北理研学年別分科会主張内容① 視覚で音と震えの関係迫る 北九条小 マクロレンズ用い(札幌市 2022-11-01付)
道小学校理科研究会(北理研、会長・紺野高裕札幌市立北九条小校長)は、7日に北九条小で開催した第7回札幌支部理科教育研究大会の中で学年別分科会を開いた。研究主題「自然と向き合い、協働的に価値を創る問題解決」のもと、各学年部会でチーフを務める各教諭が理科授業の主張を発表。参加者は、理科教育の充実を目指し、活発に意見を交わし合った。ここでは、各学年部会の主張内容を連載で紹介する。
3年「音を出して調べよう」
◆指導者=磯部莉々奈教諭(北九条小)
◆発表者=大坪洋一郎教諭(札苗北小)
▼単元の課題性について
▽諸感覚を働かせた追究
本単元では諸感覚を働かせて音の大小や物の震え方を捉える追究が重要になる
聴覚や触覚を働かせ、音と震えを関係付けていく実践を行ってきた。
本部会では微細な震えに着目。子どもが微細な震えと音を関係付ける単元構成とすることで、音と震え方や大きさの関係についてより自然認識を深めていけると考えた。
そのためには、聴覚・触覚に加えて視覚で微細な震えを捉える必要がある。そこで、本実践では微細な震えを可視化するための手立ての一つとしてマクロレンズを使用している。
▼重点1「課題と問題の関連を明確にした単元構成」
▽3次構成の大まかな流れ
・1次=音の長さ
・2次=音の伝わり
・3次=糸電話を工夫する
▽課題「シンバルは何秒音が鳴るのかな」
様々な物を叩く活動から音の長さに着目する課題を設定。子どもはトライアングルを叩いた経験から、音が鳴っている間は楽器が震えていることを捉えている。ところがシンバルは震えているように見えない。
一見すると震えているようには見えないシンバルだが、音が聞こえ続ける。
このことから「震えていないように見えるけど音は聞こえるもしかしてまだ震えているのかな」との問題が生まれる。

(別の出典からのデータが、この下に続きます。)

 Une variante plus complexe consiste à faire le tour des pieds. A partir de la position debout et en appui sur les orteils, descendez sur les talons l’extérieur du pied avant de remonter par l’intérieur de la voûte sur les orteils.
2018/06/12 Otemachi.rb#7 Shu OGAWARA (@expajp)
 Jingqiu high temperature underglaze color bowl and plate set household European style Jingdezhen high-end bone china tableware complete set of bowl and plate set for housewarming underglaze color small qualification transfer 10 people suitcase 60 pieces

▼重点2「自然事象を見つめ直すきっかけを生む対話問題」
▽問題「震えていないように見えるけど音は聞こえる。もしかしてまだ震えているのかな」―シンバルの微細な震えを可視化
シンバルの微細な震えを可視化する必要が生まれたところで、マクロレンズを提示。ここで生まれる対話の想定として「小さいけど震え続けている」「音が鳴りやむと震えも止まった」「やっぱり最初は大きく震えている」「だんだんと震えは小さくなる」といったことが挙げられた。

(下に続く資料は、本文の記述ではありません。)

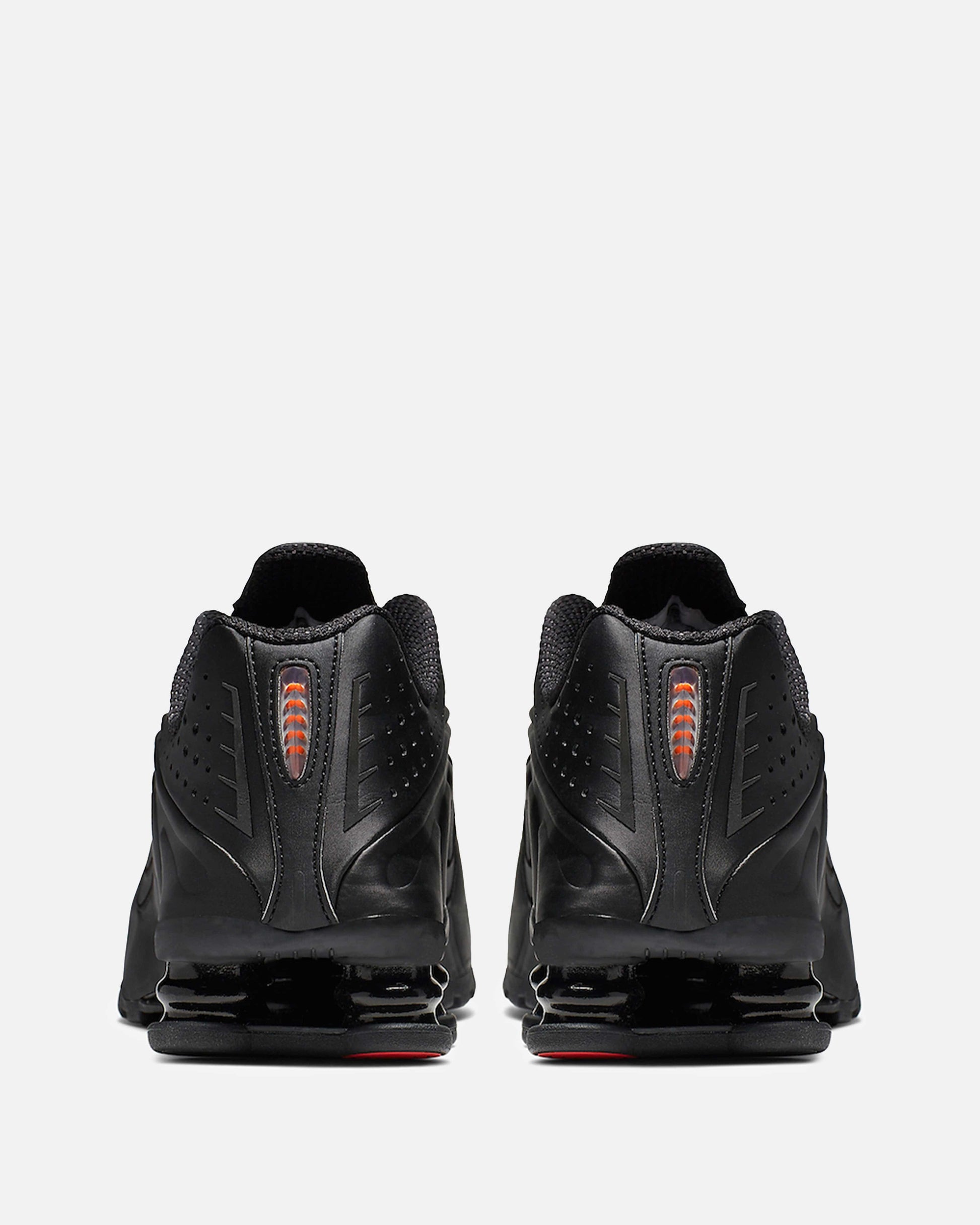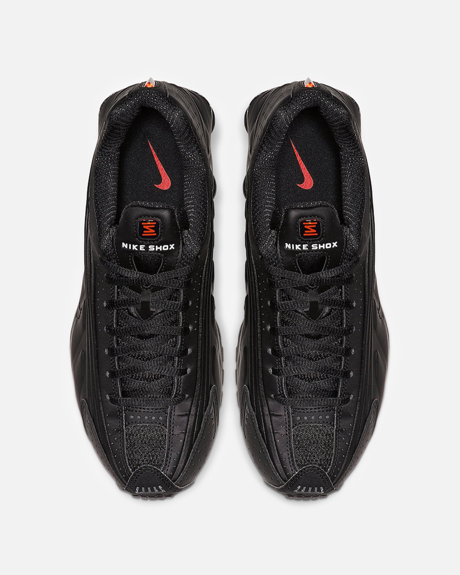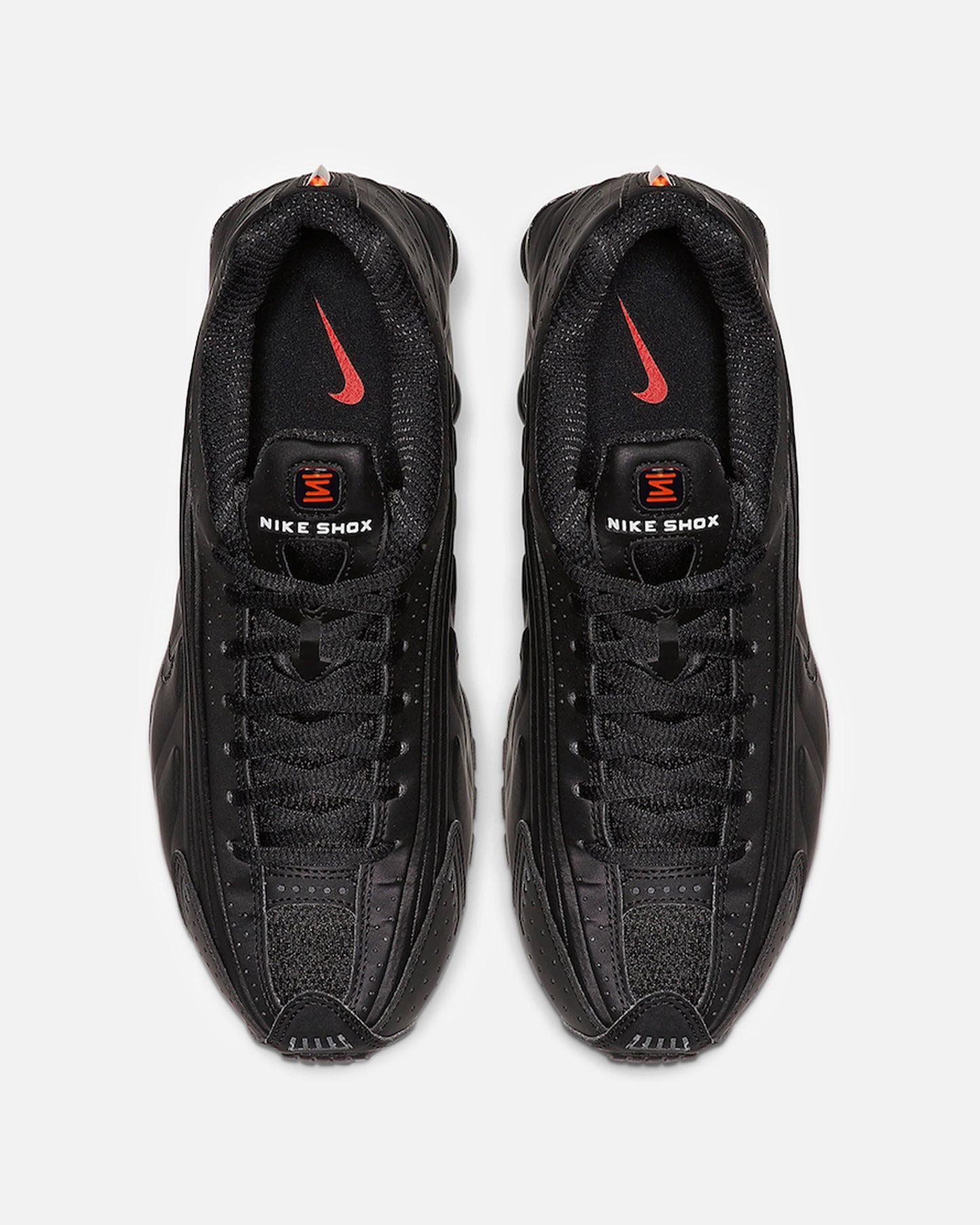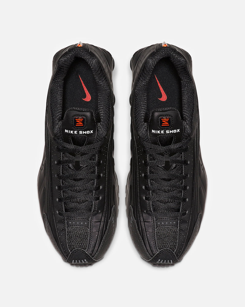 Women's Nike Shox R4 in Black and Max Orange. This low-top sneaker features a leather base with embossed leather overlays on the side panels and polyurethane columns in the midsole. Branding is included on the tongue.
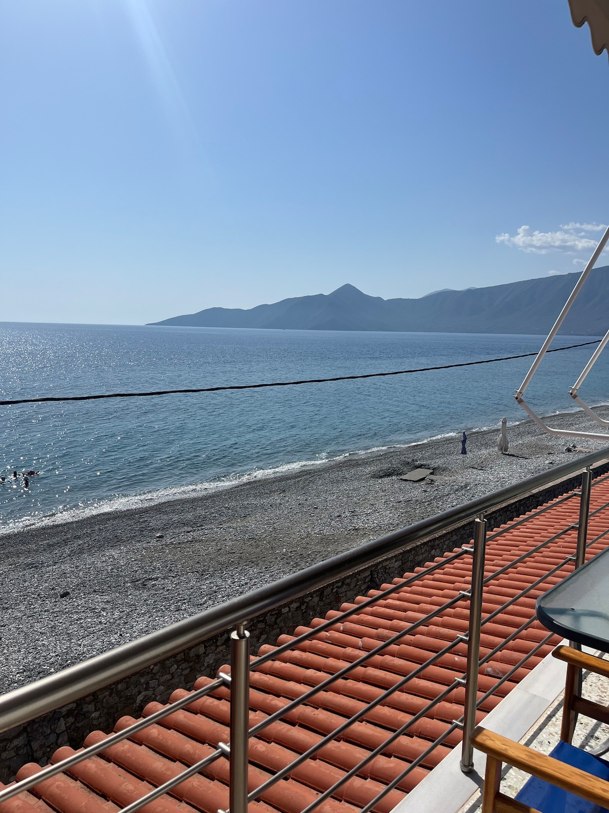 Στούντιο με θέα τον Μεσσηνιακό κόλπο και τους πρόποδες του Ταΰγετου. Κατάλληλο για καλοκαιρινές διακοπές αφού βρίσκεται στην παραλία Καλαμάτας! Με τη θάλασσα ακριβώς δίπλα και πολλές επιλογές για φαγητό, καφέ και ποτό. Το κέντρο της πόλης βρίσκεται σε κοντινή απόσταση (στάση λεωφορείου ακριβώς έξω από το σπίτι). Ιδανικό για ζευγάρια και μοναχικούς επισκέπτες. Παρέχονται δωρεάν δυο ποδήλατα για βόλτες στον ποδηλατόδρομο της πόλης.
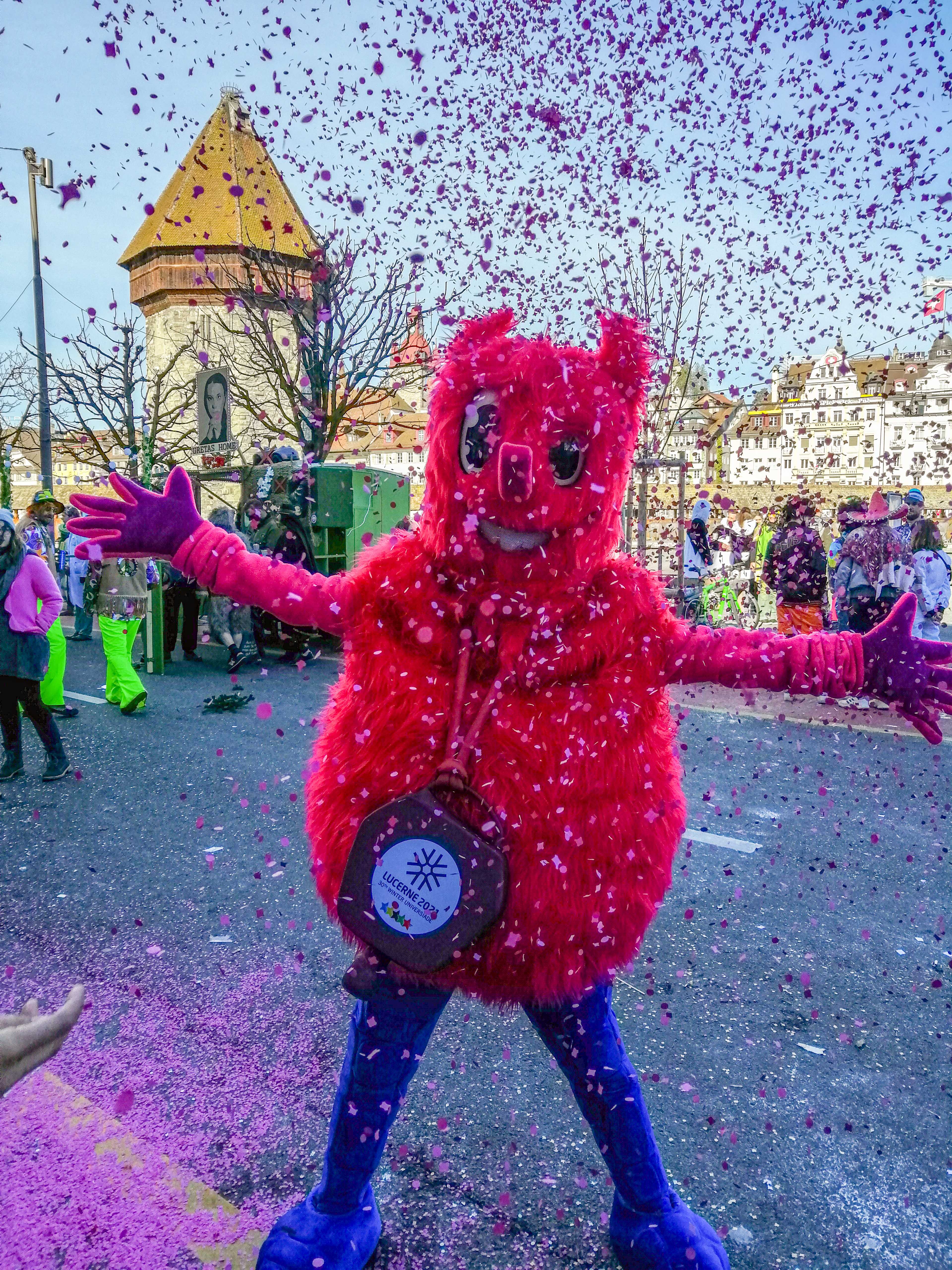 엠블럼은 페터 J. 바르디스(Peter J. Wardis)가 디자인했으며, 눈송이 모양을 이루도록 배치된 6개의 겹쳐진 "U" 글자로 구성되었다. 6개의 U는 6개의 개최 도시를 나타내며, 엠블럼 중앙의 점은 루체른을 나타낸다.[9]6. 2. 마스코트

それらのことを明らかにするために、撮影した映像を見ることと音を聞くことを行き来しながら追究を深める姿を自然を見つめ直す姿と考えた。
▼本時について(重点1)
▽課題「壁の向こうに音を届けよう」
前時までに糸を真っ直ぐピンと張ることで糸電話は音が聞けることを学習している。
より長い距離へと糸電話を伸ばした子どもたちは壁の向こうに音を届けることに挑戦欲を持って向かう。

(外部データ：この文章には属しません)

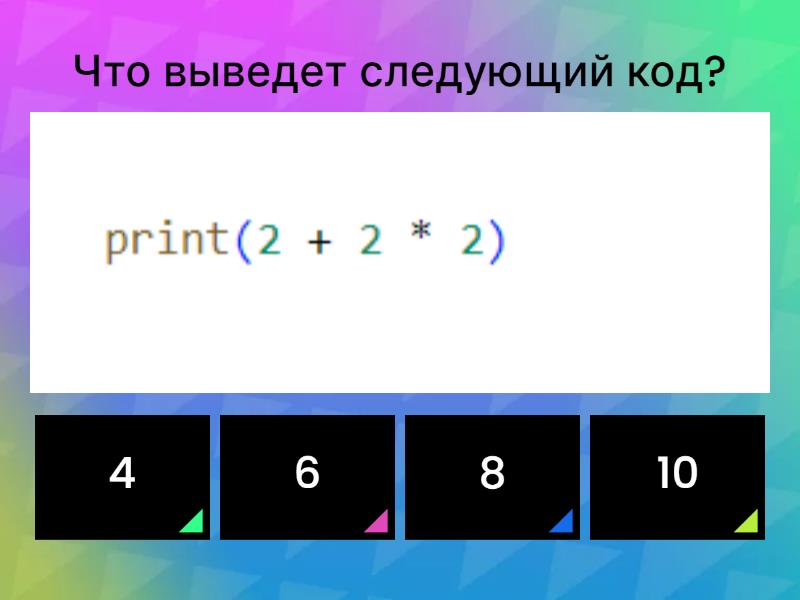 1) Что выведет следующий код? a) 4 b) 6 c) 8 d) 10 2) Какие числа будут выведены? a) 14, 15, 16, 17, 18, 19 b) 14, 15, 16, 17, 18 c) 15, 16, 17, 18, 19 d) 15, 16, 17, 18 3) Какой оператор используется для присваивания значения переменной? a) == b) = c) != d) <> 4) Что делает функция choice() из модуля random? a) Сортирует список в случайном порядке b) Возвращает случайное целое число в заданном диапазоне. c) Выбирает случайный элемент из списка d) Создает случайный список. 5) Какой цикл используется для повторения блока кода несколько раз? a) if b) else c) for d) print 6) Какая функция используется для получения ввода от пользователя? a) print() b) def() c) input() d) return() 7) Разгадай ребус a) ! b) ? 8) Что выведет следующий код? a) 1 b) 2 c) 3 d) Ошибка 9) Что делает следующий код? a) Выводит числа от 1 до 10 b) Выводит числа от 2 до 20, кратные двум c) Выводит числа от 1 до 11 d) Выдает ошибку. 10) Разгадай ребус a) ! b) ?
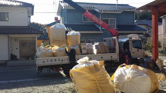 (福島県南相馬市で集まった物資を輸送する時の写真)
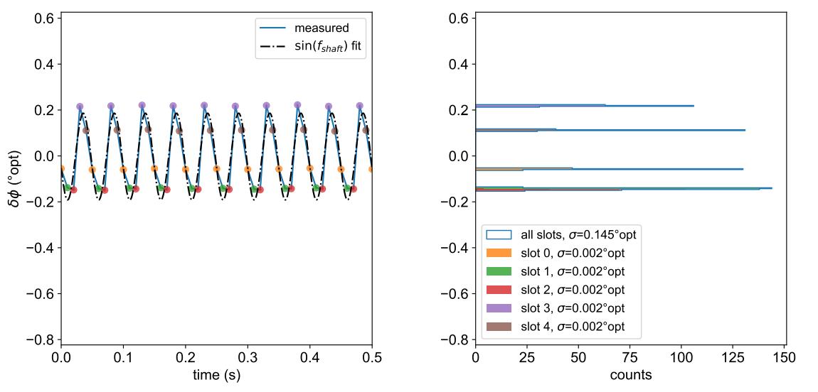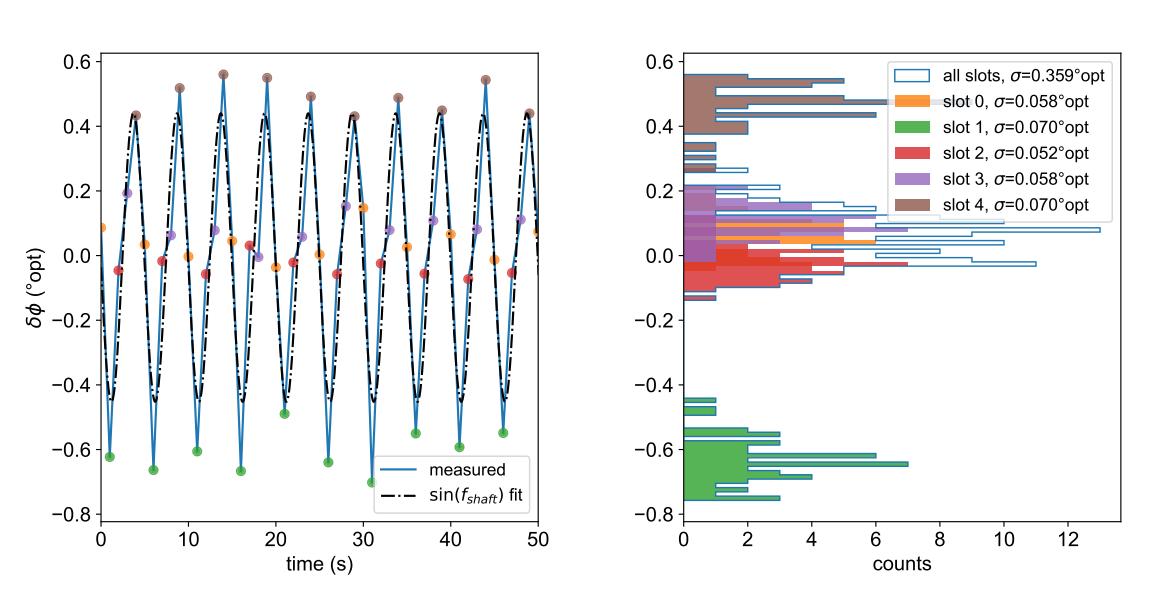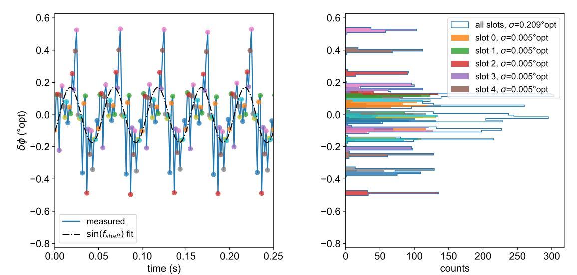 對于 n 槽葉片,每第 n 個周期測量都是對同一槽的重復測量。因此,我們為與該葉片的 5 個槽相對應的周期測量值分配不同的顏色。以槽 1 為例(綠色)。它的平均周期誤差約為−0.65°opt。這意味著標記槽位 1 周期結束的邊緣比預期早 0.65°opt。非確定性抖動將綠色分布的寬度設置為僅為 0.070°opt,因此相位誤差從一轉到另一轉的再現性非常好,并且由確定性誤差主導。簡單地說,對于單個槽位,相位誤差的確定性源確定平均值,而非確定性源確定抖動(標準偏差)。

壁にぶつかるのがよくないと気付いた子どもが真っ先にすると想定される工夫が「指でつまむこと」。つまみ方にもよるが、指を使うと衝立にぶつかっているときよりは音が伝わる。
しかし、真っ直ぐのときほどはしっかりと音は伝わらない。
▽課題「壁の向こうに音を届けよう」→問題「糸はつながっているけど、指でつまむと聞こえなくなってしまう。糸が震えるようにすれば聞こえるのかな」「真っ直ぐの時のように音を伝えたい」という思いから「糸はつながっているけど、指でつまむと聞こえなくなってしまう。糸が震えるようにすれば聞こえるのかな」という問題が生まれる。
▼本時について(重点2)
▽課題「壁の向こうに音を届けよう」
「糸は震えていないのかな」「前の時間はどうだった?」「マクロレンズで撮影すると震えていた」「糸が曲がると前みたいに震えないのかな」「マクロレンズで撮影してみよう」このように前時との比較を促す教師の関わりを行った。
この教師の関わりによって「壁の向こうは震えていない」「こっちは震えている。ぶつかって震えが止まるんだ」などと、マクロレンズを用いたり糸を触ったりしながら対話し、何度も事象に立ち戻り、曲げた後も糸が震えるようにするにはという点に焦点を当てた追究が生まれると考えた。